Inside is a treasure trove of books on any subject under the sun. It also stocks leather bindings for decoration.

2-minute walk to…

(4) Stanfords

This much-loved bookstore is beautiful outside and inside. It specialises in travel books and maps, but its collection goes much beyond that. I got stuck on the nature and wildlife section and came away with two more books to add to those that I’d already bought at Quinto and Any Amount of Books!

There’s a small café at the back. If you buy something there, you’ll get a receipt with a code to use the toilet.

10-minute walk to…

(5) Waterstones

The largest bookstore in Europe, Waterstones in Piccadilly has a whopping six floors.
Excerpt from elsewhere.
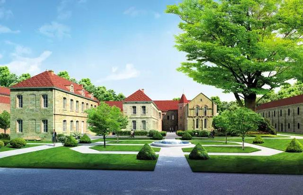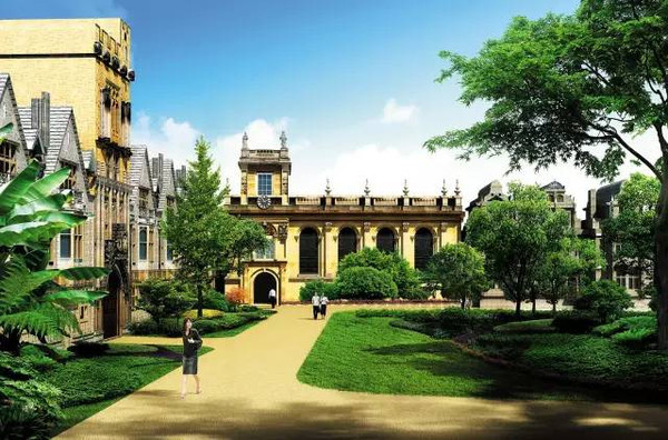 參考牛津大學莊嚴的建筑.征創造街區,結合以灰色板石為材料的大坡度.屋.、米色萊姆石外墻、草坪里院和回廊,使整個街區都可以感受到猶如知識殿堂般的氛圍.

As you’d expect with so much space, it stocks books from all the main genres. The children’s books section is particularly special, with a fun circus theme.
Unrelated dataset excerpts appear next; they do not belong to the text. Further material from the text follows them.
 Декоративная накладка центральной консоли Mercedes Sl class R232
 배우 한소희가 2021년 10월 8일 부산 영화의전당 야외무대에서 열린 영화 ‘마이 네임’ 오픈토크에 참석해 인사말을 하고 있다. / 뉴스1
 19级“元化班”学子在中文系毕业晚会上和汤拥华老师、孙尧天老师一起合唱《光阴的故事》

Its café is small and quiet—a great place to catch up with a friend or just read through a recently purchased book!

2-minute walk to…

(6) Hatchards

Of course, I couldn’t compile a bookstore tour itinerary without including Hatchards, London’s oldest bookshop. In business since 1797, these days it is owned by Waterstones, though it still has a quaint, independent feel.

Though it may feel small if you’ve just come out of Waterstones, this well-stocked bookstore has several floors itself.

25-minute walk to…

(7) Daunt Books

In Marylebone, this beautiful independent bookstore is well worth a visit. It’s not as close as the others on this list, but the 25-minute walk will take you through the lovely Mayfair and Marylebone areas. (If it’s not a nice day or you don’t fancy the walk, the Jubilee or Bakerloo lines will connect you to the nearby Baker Street Station.)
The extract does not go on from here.